Work item:
Below are some records; give them all again exactly, but not the pictures.
------------------------------------------------
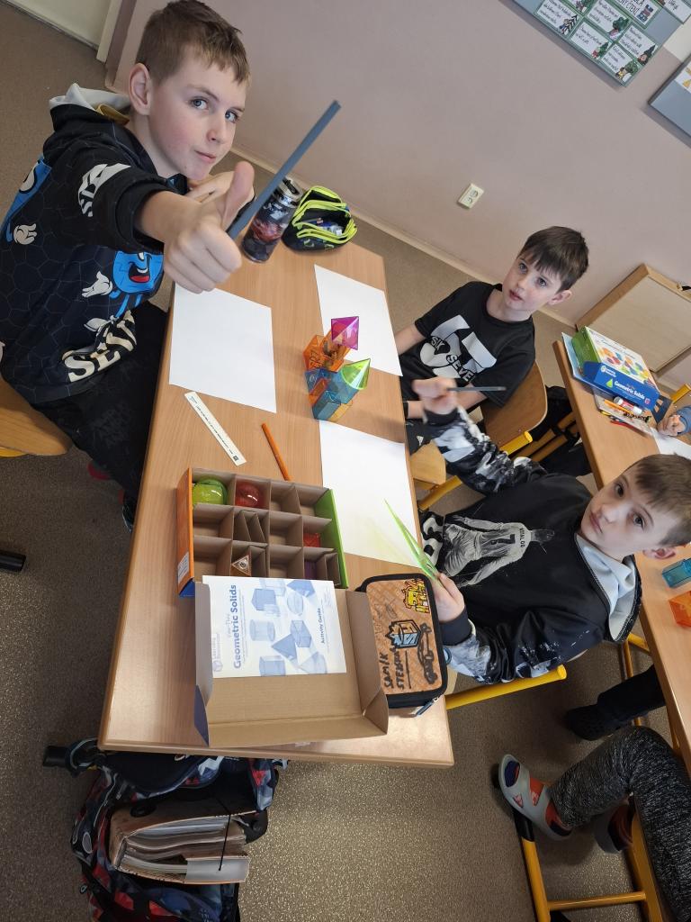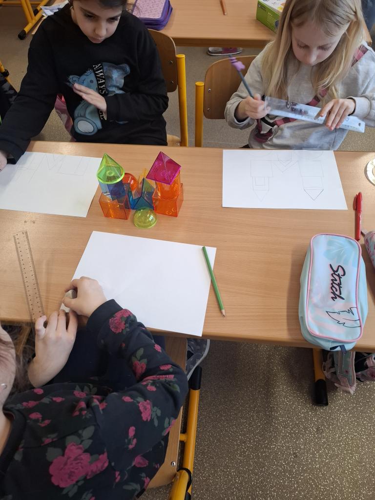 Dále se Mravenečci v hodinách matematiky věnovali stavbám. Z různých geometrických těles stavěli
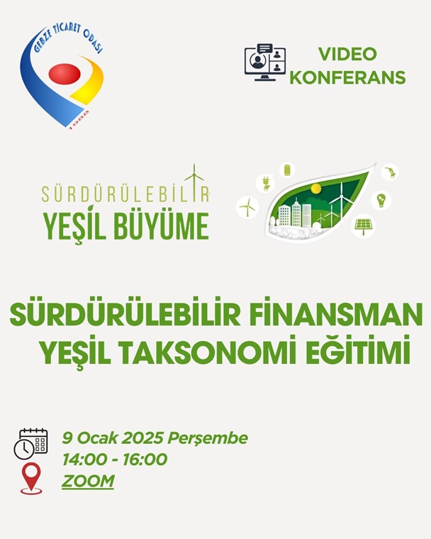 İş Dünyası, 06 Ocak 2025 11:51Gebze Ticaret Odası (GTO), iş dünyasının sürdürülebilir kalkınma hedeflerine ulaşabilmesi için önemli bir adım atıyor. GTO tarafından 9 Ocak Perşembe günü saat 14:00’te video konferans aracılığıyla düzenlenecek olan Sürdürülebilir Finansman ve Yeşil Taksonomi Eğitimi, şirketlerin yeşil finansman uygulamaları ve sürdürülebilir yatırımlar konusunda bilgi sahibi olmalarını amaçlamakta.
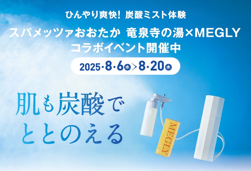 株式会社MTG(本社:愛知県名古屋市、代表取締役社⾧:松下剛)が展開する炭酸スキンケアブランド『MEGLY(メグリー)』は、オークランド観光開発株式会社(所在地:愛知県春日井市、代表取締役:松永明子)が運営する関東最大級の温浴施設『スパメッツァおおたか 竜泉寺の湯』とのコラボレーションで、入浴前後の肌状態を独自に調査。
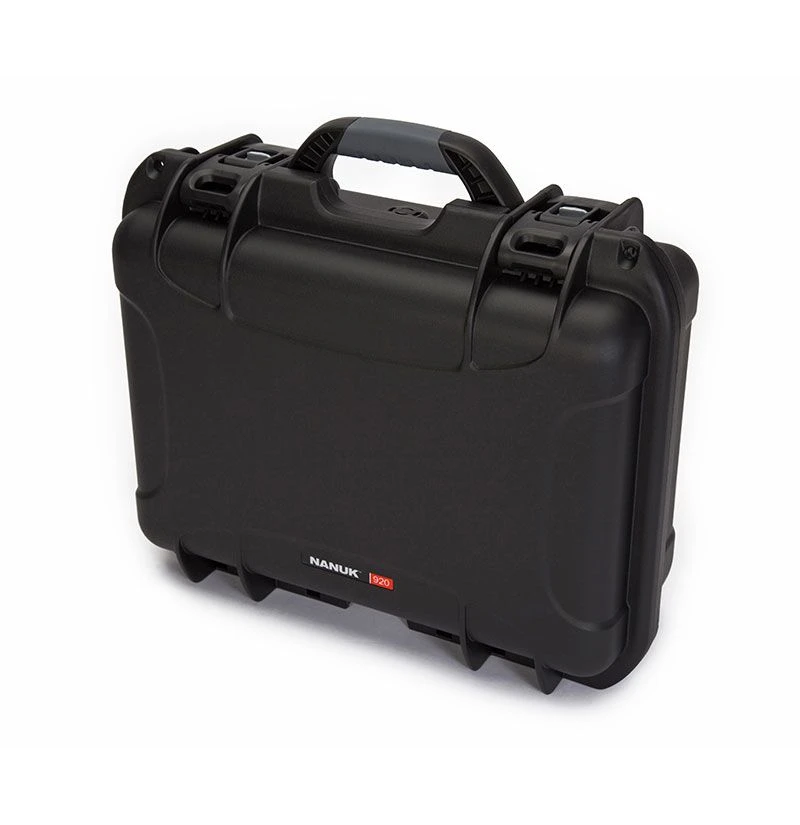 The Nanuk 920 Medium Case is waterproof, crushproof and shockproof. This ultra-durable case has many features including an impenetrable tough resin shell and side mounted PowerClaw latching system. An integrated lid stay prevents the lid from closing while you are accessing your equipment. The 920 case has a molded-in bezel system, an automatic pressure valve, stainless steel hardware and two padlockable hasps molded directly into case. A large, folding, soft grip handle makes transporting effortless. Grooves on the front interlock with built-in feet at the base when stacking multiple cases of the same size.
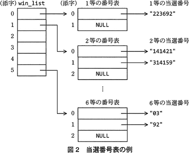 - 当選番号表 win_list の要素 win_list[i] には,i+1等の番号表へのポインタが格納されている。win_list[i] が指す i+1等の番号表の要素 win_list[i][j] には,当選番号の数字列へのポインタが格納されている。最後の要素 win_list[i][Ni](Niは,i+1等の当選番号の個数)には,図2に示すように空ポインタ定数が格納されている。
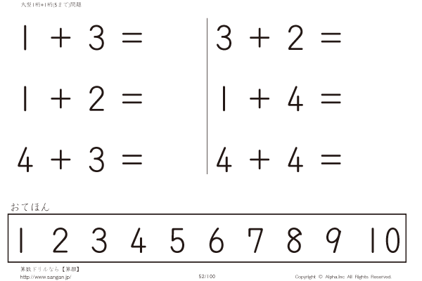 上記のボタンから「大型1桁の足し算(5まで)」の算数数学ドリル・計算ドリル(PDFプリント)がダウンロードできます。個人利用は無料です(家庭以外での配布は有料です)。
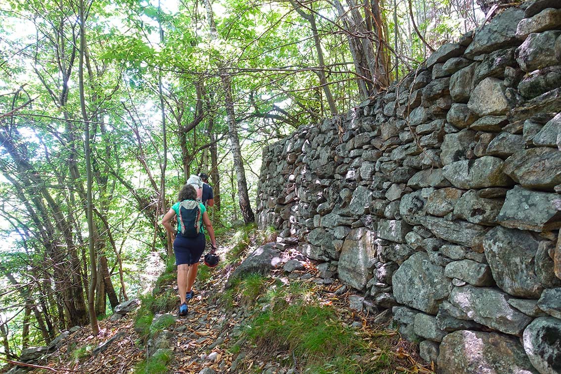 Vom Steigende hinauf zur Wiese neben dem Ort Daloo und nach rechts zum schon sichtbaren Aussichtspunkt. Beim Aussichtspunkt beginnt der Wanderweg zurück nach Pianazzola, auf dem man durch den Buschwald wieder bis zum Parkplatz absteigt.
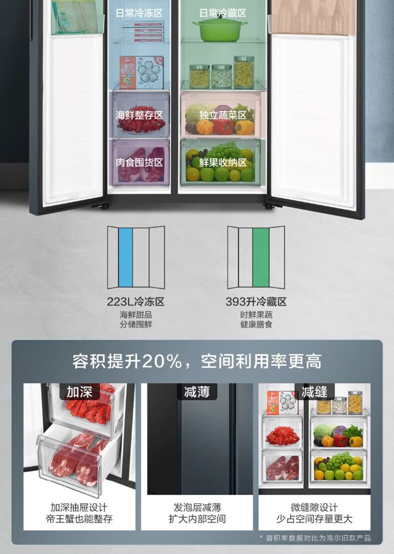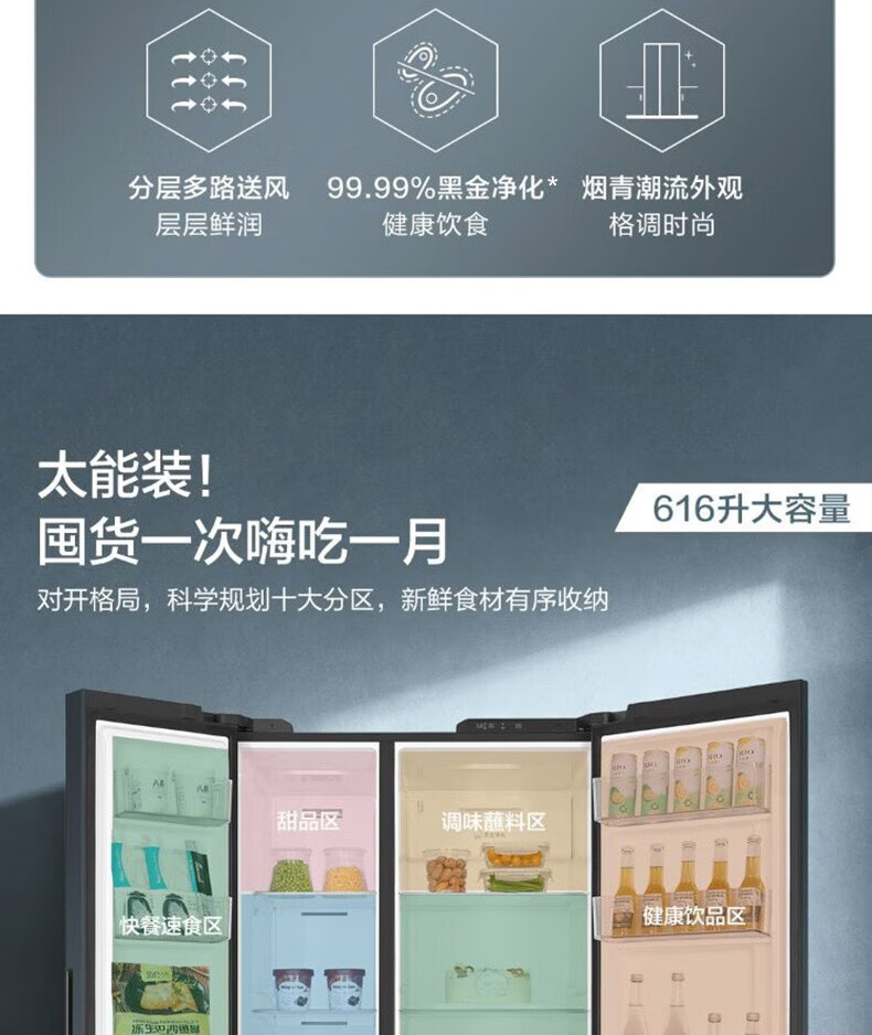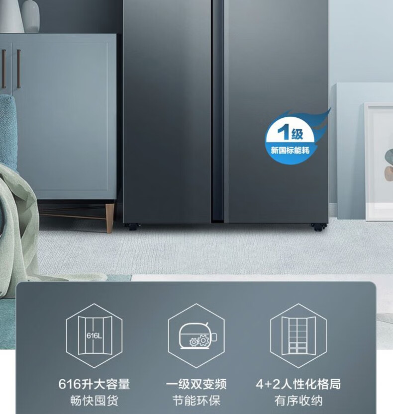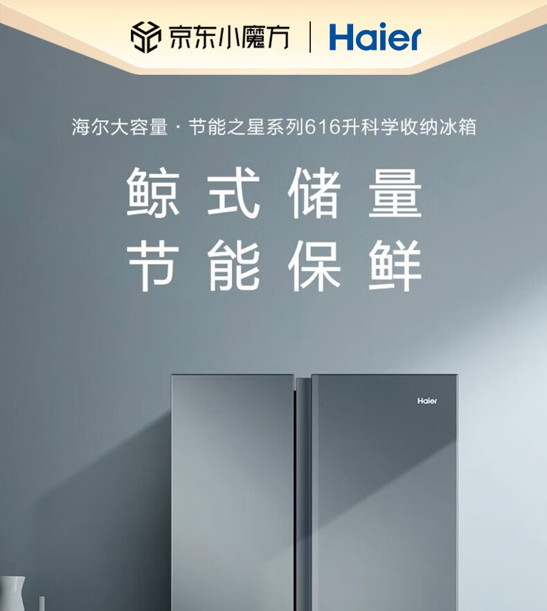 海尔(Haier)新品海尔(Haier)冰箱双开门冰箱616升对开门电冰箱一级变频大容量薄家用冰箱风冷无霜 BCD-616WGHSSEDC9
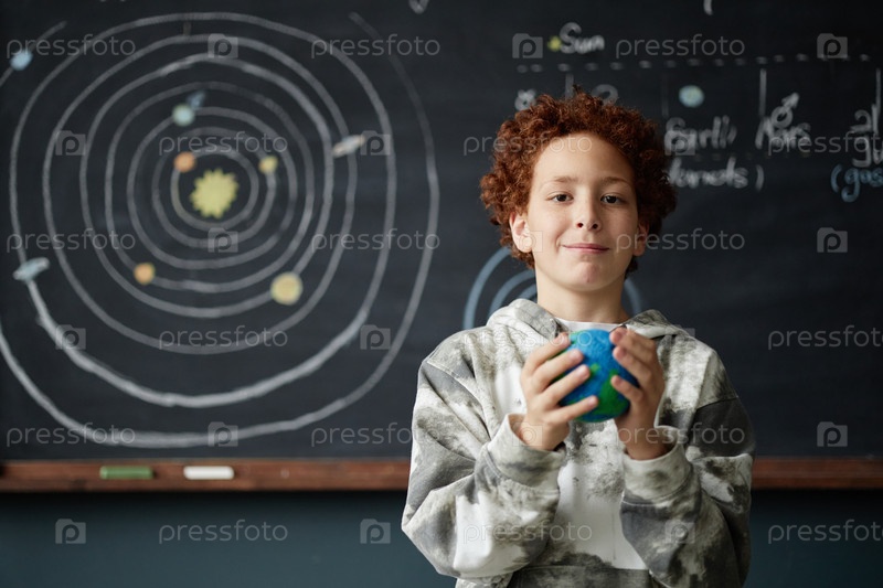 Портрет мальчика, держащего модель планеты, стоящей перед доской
------------------------------------------------
Solution to this exercise:
 Dále se Mravenečci v hodinách matematiky věnovali stavbám. Z různých geometrických těles stavěli
 İş Dünyası, 06 Ocak 2025 11:51Gebze Ticaret Odası (GTO), iş dünyasının sürdürülebilir kalkınma hedeflerine ulaşabilmesi için önemli bir adım atıyor. GTO tarafından 9 Ocak Perşembe günü saat 14:00’te video konferans aracılığıyla düzenlenecek olan Sürdürülebilir Finansman ve Yeşil Taksonomi Eğitimi, şirketlerin yeşil finansman uygulamaları ve sürdürülebilir yatırımlar konusunda bilgi sahibi olmalarını amaçlamakta.
 株式会社MTG(本社:愛知県名古屋市、代表取締役社⾧:松下剛)が展開する炭酸スキンケアブランド『MEGLY(メグリー)』は、オークランド観光開発株式会社(所在地:愛知県春日井市、代表取締役:松永明子)が運営する関東最大級の温浴施設『スパメッツァおおたか 竜泉寺の湯』とのコラボレーションで、入浴前後の肌状態を独自に調査。
 The Nanuk 920 Medium Case is waterproof, crushproof and shockproof. This ultra-durable case has many features including an impenetrable tough resin shell and side mounted PowerClaw latching system. An integrated lid stay prevents the lid from closing while you are accessing your equipment. The 920 case has a molded-in bezel system, an automatic pressure valve, stainless steel hardware and two padlockable hasps molded directly into case. A large, folding, soft grip handle makes transporting effortless. Grooves on the front interlock with built-in feet at the base when stacking multiple cases of the same size.
 - 当選番号表 win_list の要素 win_list[i] には,i+1等の番号表へのポインタが格納されている。win_list[i] が指す i+1等の番号表の要素 win_list[i][j] には,当選番号の数字列へのポインタが格納されている。最後の要素 win_list[i][Ni](Niは,i+1等の当選番号の個数)には,図2に示すように空ポインタ定数が格納されている。
 上記のボタンから「大型1桁の足し算(5まで)」の算数数学ドリル・計算ドリル(PDFプリント)がダウンロードできます。個人利用は無料です(家庭以外での配布は有料です)。
 Vom Steigende hinauf zur Wiese neben dem Ort Daloo und nach rechts zum schon sichtbaren Aussichtspunkt. Beim Aussichtspunkt beginnt der Wanderweg zurück nach Pianazzola, auf dem man durch den Buschwald wieder bis zum Parkplatz absteigt.
 海尔(Haier)新品海尔(Haier)冰箱双开门冰箱616升对开门电冰箱一级变频大容量薄家用冰箱风冷无霜 BCD-616WGHSSEDC9
 Портрет мальчика, держащего модель планеты, стоящей перед доской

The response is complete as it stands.